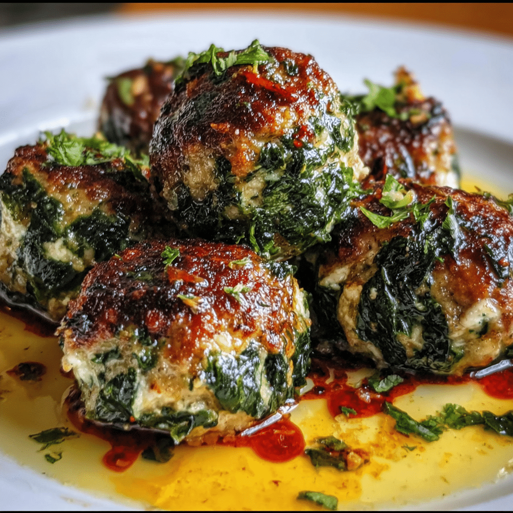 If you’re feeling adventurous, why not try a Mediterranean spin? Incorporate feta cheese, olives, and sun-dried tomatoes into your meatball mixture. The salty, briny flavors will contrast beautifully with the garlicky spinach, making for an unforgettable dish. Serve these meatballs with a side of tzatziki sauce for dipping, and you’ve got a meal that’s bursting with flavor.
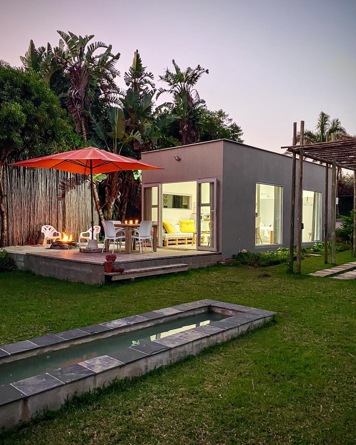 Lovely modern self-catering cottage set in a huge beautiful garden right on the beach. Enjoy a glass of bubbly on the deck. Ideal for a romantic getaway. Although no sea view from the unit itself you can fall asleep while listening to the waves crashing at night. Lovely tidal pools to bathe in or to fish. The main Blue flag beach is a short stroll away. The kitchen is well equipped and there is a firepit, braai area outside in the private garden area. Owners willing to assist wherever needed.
* * *
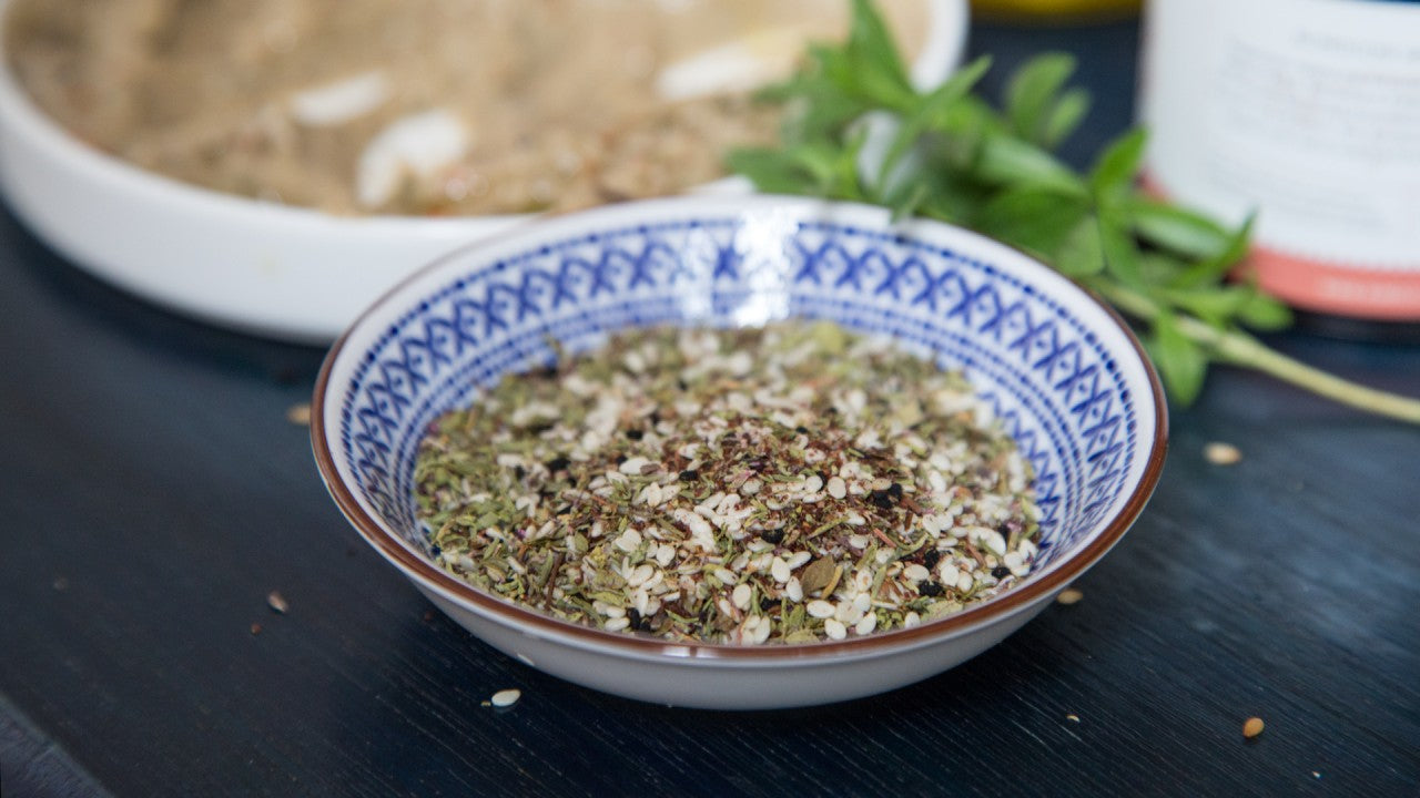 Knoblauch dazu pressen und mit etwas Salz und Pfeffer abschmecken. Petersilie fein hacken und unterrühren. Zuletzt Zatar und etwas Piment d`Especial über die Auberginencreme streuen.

■ Required action: Only the lines starting at the one that includes "If you’re feeling" and ending at the one that includes "Lovely modern self-catering" should be retyped, exactly, from the records above; no pictures.

■ Exercise answer:
 If you’re feeling adventurous, why not try a Mediterranean spin? Incorporate feta cheese, olives, and sun-dried tomatoes into your meatball mixture. The salty, briny flavors will contrast beautifully with the garlicky spinach, making for an unforgettable dish. Serve these meatballs with a side of tzatziki sauce for dipping, and you’ve got a meal that’s bursting with flavor.
 Lovely modern self-catering cottage set in a huge beautiful garden right on the beach. Enjoy a glass of bubbly on the deck. Ideal for a romantic getaway. Although no sea view from the unit itself you can fall asleep while listening to the waves crashing at night. Lovely tidal pools to bathe in or to fish. The main Blue flag beach is a short stroll away. The kitchen is well equipped and there is a firepit, braai area outside in the private garden area. Owners willing to assist wherever needed.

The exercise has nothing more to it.